The present invention is based on the Web page classifying recognition methods of vertical search and focused crawler technology, the technological frame of the URL that respectively classifies in a kind of effective navigation by recognition class website be provided, and detailed design recognizer.System is divided into three modules, is successively from the bottom up: data acquisition module, Context resolution layer and application presentation layer.

The present invention is based on the Web page classifying recognition methods of vertical search and focused crawler technology, committed step is two parts: the webpage source code obtains and the web page contents analytical method.Wherein the web page contents analytical method is a core, and it comprises two main portions: extract the structured message of webpage and the strategy of creeping of focused crawler.Through discovering navigation website webpage source code: the navigation type website is made up of the sub-directory page of a master catalogue page and each classification basically two kinds of pages; The master catalogue page comprises the link of each classification subpage frame of a large amount of sensings, and the sub-directory page of each classification then comprises the link of the website that belongs to this classification.The sub-directory page of each classification on the same navigation website also has very strong similarity; That is to say similar structure is all arranged in these pages; Can summarize the structured message of the page with (or a several) regular expression through pattern learning, so as long as find the regular expression of representing these page structure information just can well instruct focused crawler to grasp and the relevant webpage of classifying as far as possible.With www.hao123.com is example; As to search all URL of " amusement and recreation " classification; Can write regular expression href (?: " (? < 1>[^ "] *) " | (? < 1 >)); be used for the link of shape such as href=" ... " in the matched character string, just can obtain all URL of " amusement and recreation " classification.

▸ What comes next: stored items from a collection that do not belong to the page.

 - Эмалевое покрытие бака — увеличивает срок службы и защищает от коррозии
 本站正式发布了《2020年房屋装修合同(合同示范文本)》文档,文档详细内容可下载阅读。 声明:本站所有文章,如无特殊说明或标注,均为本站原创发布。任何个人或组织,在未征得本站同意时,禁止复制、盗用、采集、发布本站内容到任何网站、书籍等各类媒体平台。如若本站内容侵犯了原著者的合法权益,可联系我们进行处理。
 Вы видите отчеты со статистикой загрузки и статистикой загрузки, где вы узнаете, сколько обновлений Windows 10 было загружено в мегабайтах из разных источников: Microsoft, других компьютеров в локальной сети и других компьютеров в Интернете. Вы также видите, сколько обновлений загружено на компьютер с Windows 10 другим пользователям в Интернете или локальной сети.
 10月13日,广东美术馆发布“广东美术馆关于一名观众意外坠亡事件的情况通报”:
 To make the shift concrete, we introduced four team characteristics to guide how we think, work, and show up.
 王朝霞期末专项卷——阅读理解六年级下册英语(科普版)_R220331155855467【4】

In order to adapt to the irregular renewal of navigation website, better extract the Web page structural information of catalog page, the invention provides the timing learner of URL regular expression, can adapt to the continuous variation of the website that navigates.The present invention has simultaneously proposed the directed BFS strategy based on the web page contents characteristic with reference to three kinds of search strategies of URL.The basic thought of this search strategy is: in the process that webpage grasps, according to the directed structured message that extracts webpage of the content characteristic of webpage, from structured message, grasp webpage with breadth-first strategy then earlier.This method can reduce the quantity of gathering the page effectively, has also practiced thrift the network bandwidth simultaneously, improves the efficient of information search.

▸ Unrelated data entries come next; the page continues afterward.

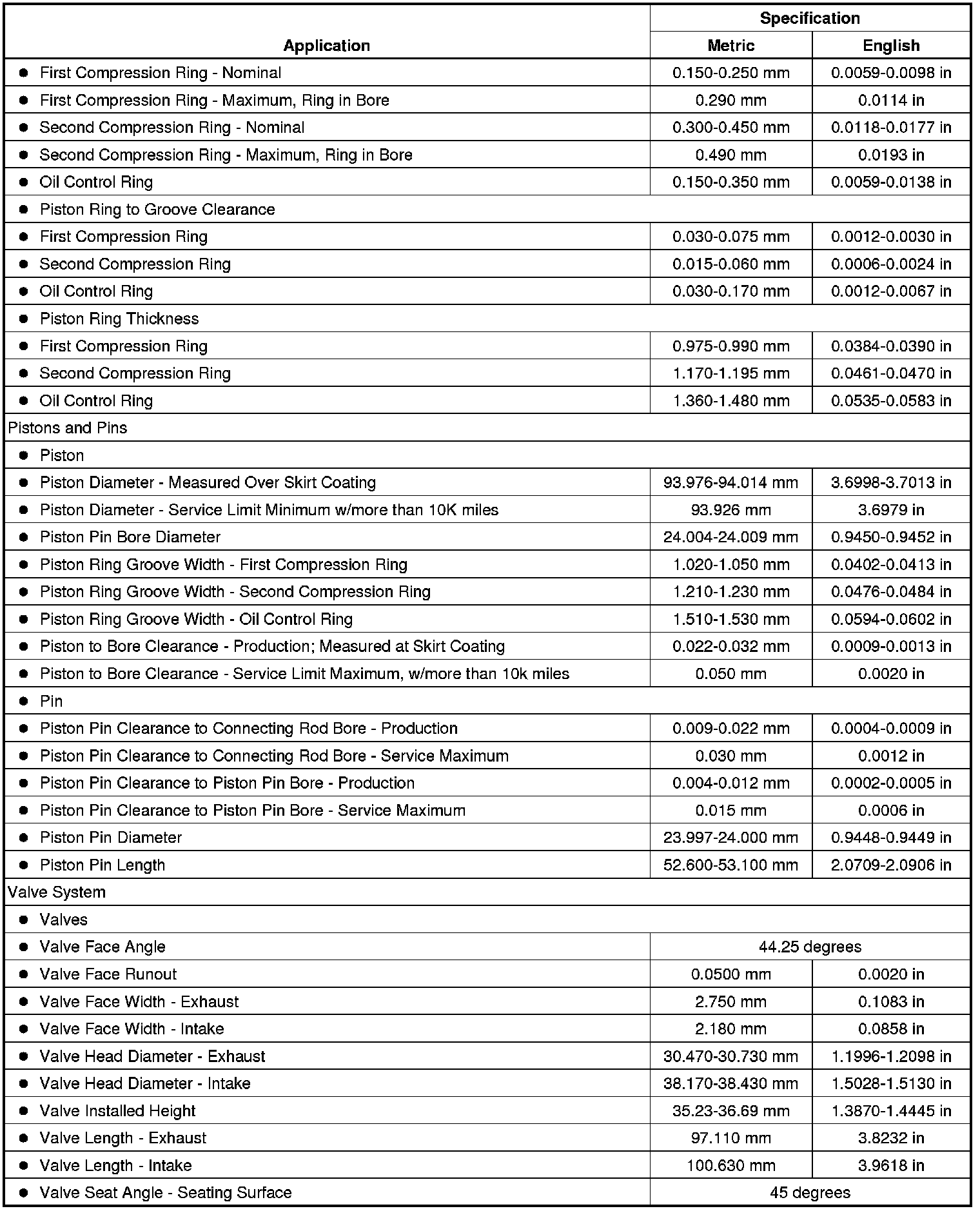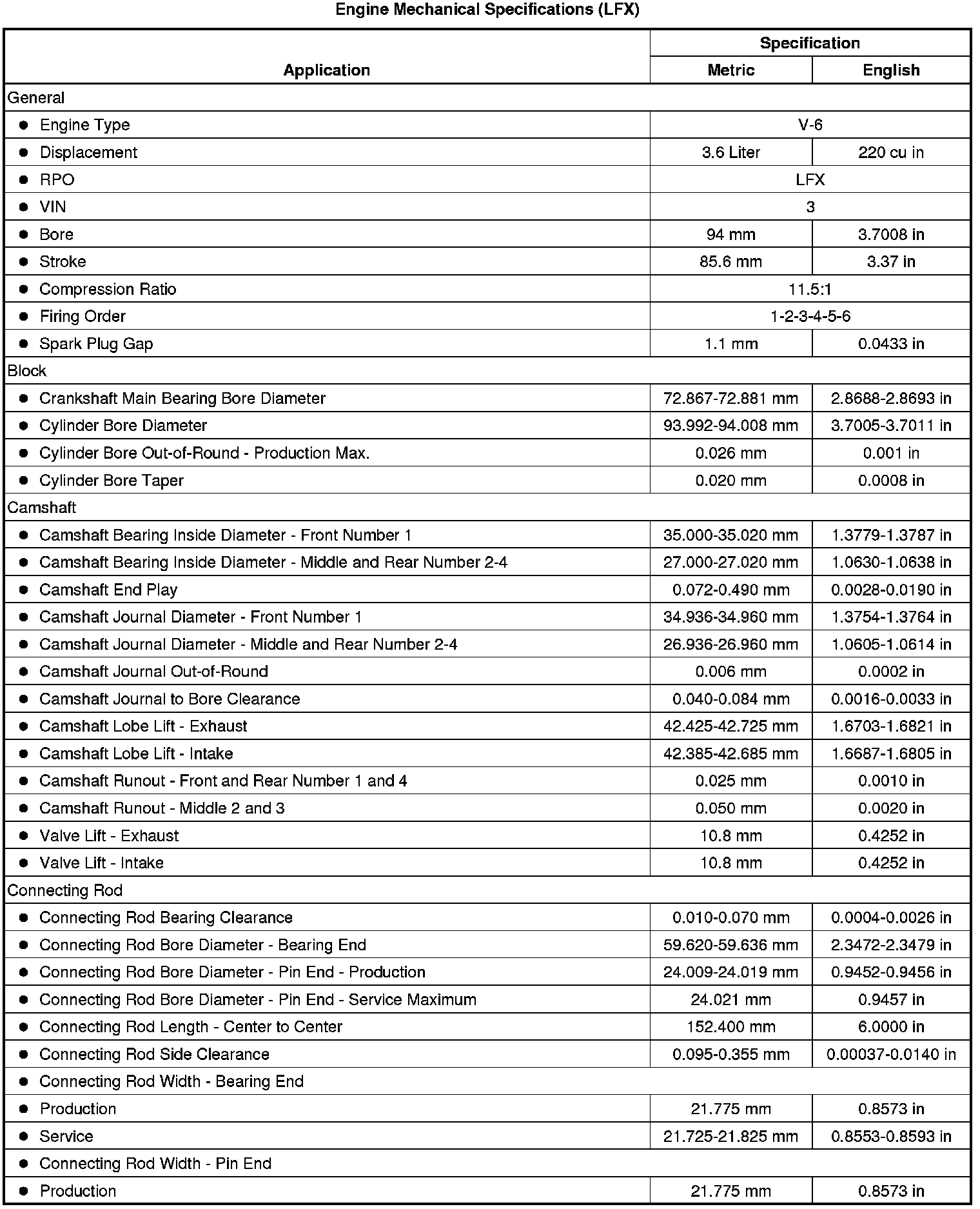 Engine Mechanical Specifications (LFX)
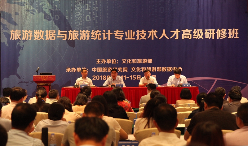 2018年6月11日上午,由文化和旅游部主办,中国旅游研究院、文化和旅游部数据中心承办的2018年旅游数据与旅游统计专业技术人才高级研修班在北京湖南大厦顺利开班。文化和旅游部党组成员杜江出席开班仪式并讲话,要求学员认真学习、积极研讨,不断提升旅游统计的严肃性和合规性,坚决杜绝旅游统计造假等违法违规行为。政策法规司班子成员满宏卫、中国旅游研究院戴斌院长出席了开班仪式。开班仪式由人事司班子成员缪沐阳主持。
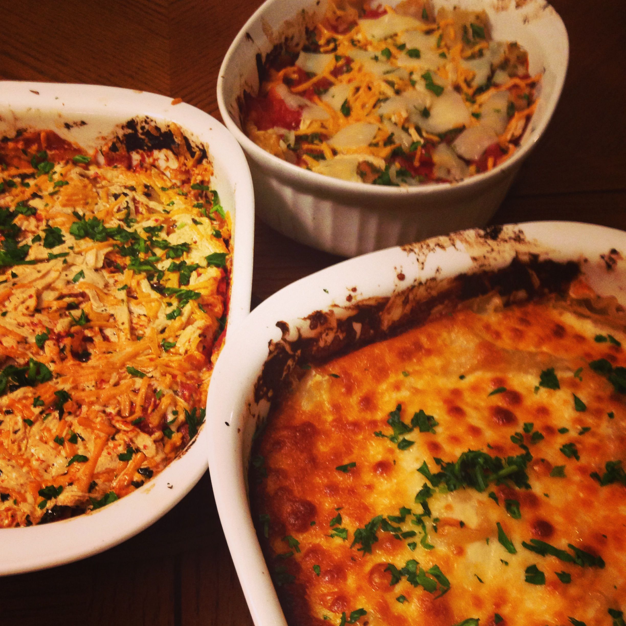 Three lasagnas for family dinner with all gluten free pasta. The big one is with meat and cheese, the medium is with meat and dairy free cheese, and the little one is no meat, no dairy, and no gluten.

With respect to scheme of the prior art, advantage of the present invention is:

Utilize URL coverage rate in Chinese website ALEXA TOP100 of this system grabs to reach 98%, the coverage rate among the Global Site ALEXA TOP 500 reaches 87%, and the URL coverage rate of local characteristic website reaches 56%.Through actual motion and test in the development & construction process, well embodied implementation result based on the recognition methods of the Web page classifying of vertical search and focused crawler, verified the accuracy of the method.The present invention has very wide significance and using value for the identification of Web page classifying.Mainly can be applied in the specific crowd of professional domain to aspects such as the search of the vertical search of customizing messages, Deep Web and excavation, website structure elucidation, the analysis of central issue of Internet user interest, the search efficiency that improves topic search engine, construction of digital library.

Description of drawings

Below in conjunction with accompanying drawing and embodiment the present invention is further described:

Fig. 1 is based on the Web page classifying recognition methods overall flow figure of vertical search and focused crawler technology; Wherein provided each processing procedure of identification Web page classifying.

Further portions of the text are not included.